[Opening THE DATA section]

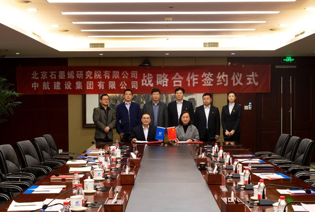 北京石墨烯研究院有限公司筹备组组长张华,筹备组副组长魏迪,研究院相关部门领导,马博足球常务副总经理陈清,副总经理、总工程师陈劲,副总经理宋利坡,副总经理郝以朋,集团公司相关部室领导出席签约仪式。
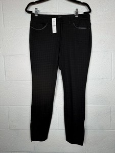 White House Black Market Skinny Ankle Pants Sz 8 Black Houndstooth Zip Hem NWT
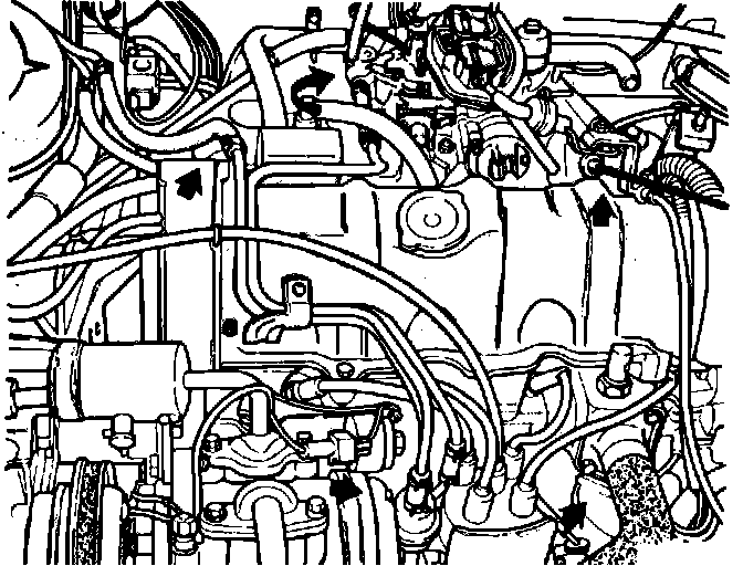 9. Disconnect fuel line, heater hose and the accelerator cable.
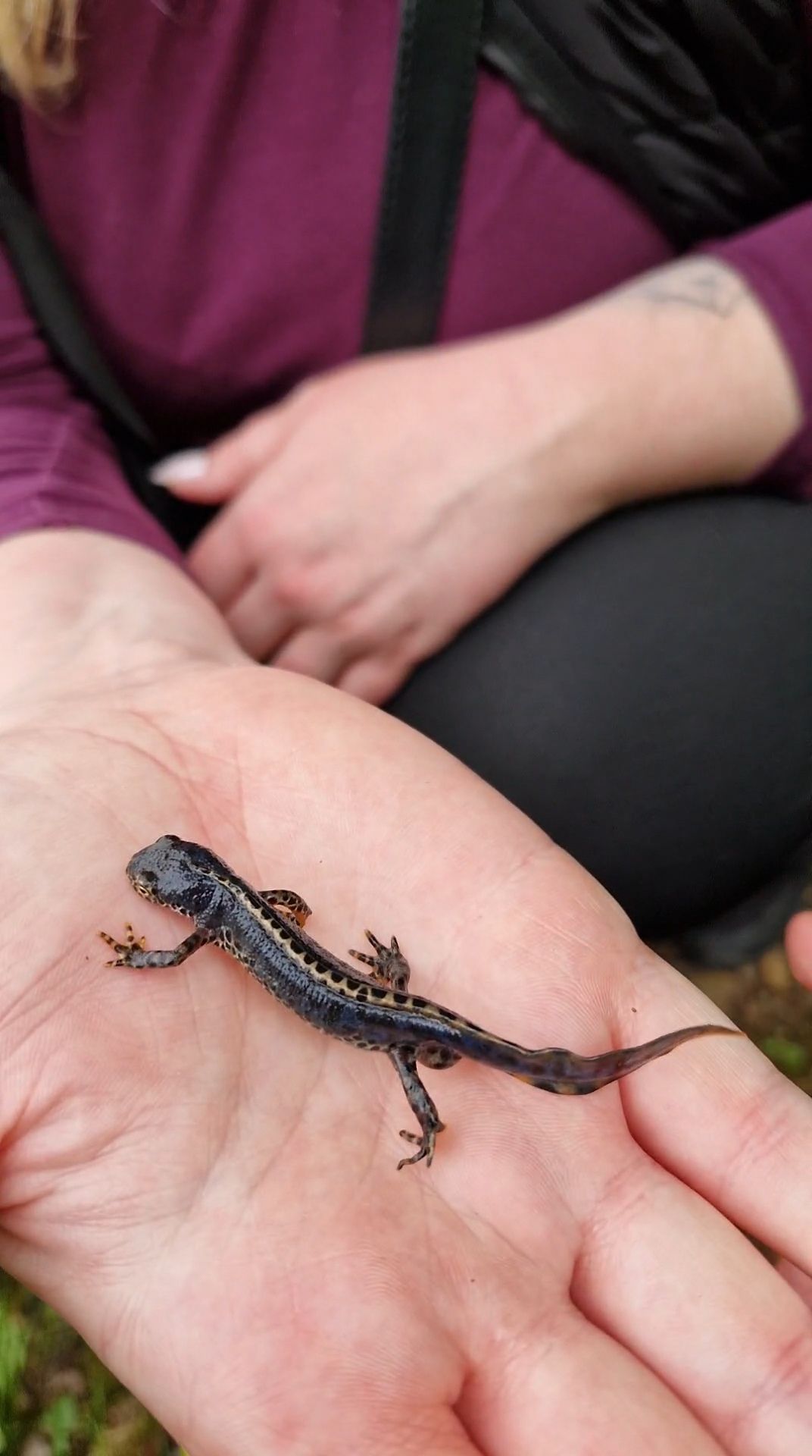 Unten links ein Foto von einem jungen Feuersalamander, der sich am Teich recht wohl zu fühlen scheint. Aufgenommen am 2. Mai 2024.

[Closing THE DATA section]

▶ [WHAT NEEDS TO BE DONE]:
Copy out every line of the material above exactly, skipping the pictures.

▶ [YOUR SOLUTION]:
 北京石墨烯研究院有限公司筹备组组长张华,筹备组副组长魏迪,研究院相关部门领导,马博足球常务副总经理陈清,副总经理、总工程师陈劲,副总经理宋利坡,副总经理郝以朋,集团公司相关部室领导出席签约仪式。
 White House Black Market Skinny Ankle Pants Sz 8 Black Houndstooth Zip Hem NWT
 9. Disconnect fuel line, heater hose and the accelerator cable.
 Unten links ein Foto von einem jungen Feuersalamander, der sich am Teich recht wohl zu fühlen scheint. Aufgenommen am 2. Mai 2024.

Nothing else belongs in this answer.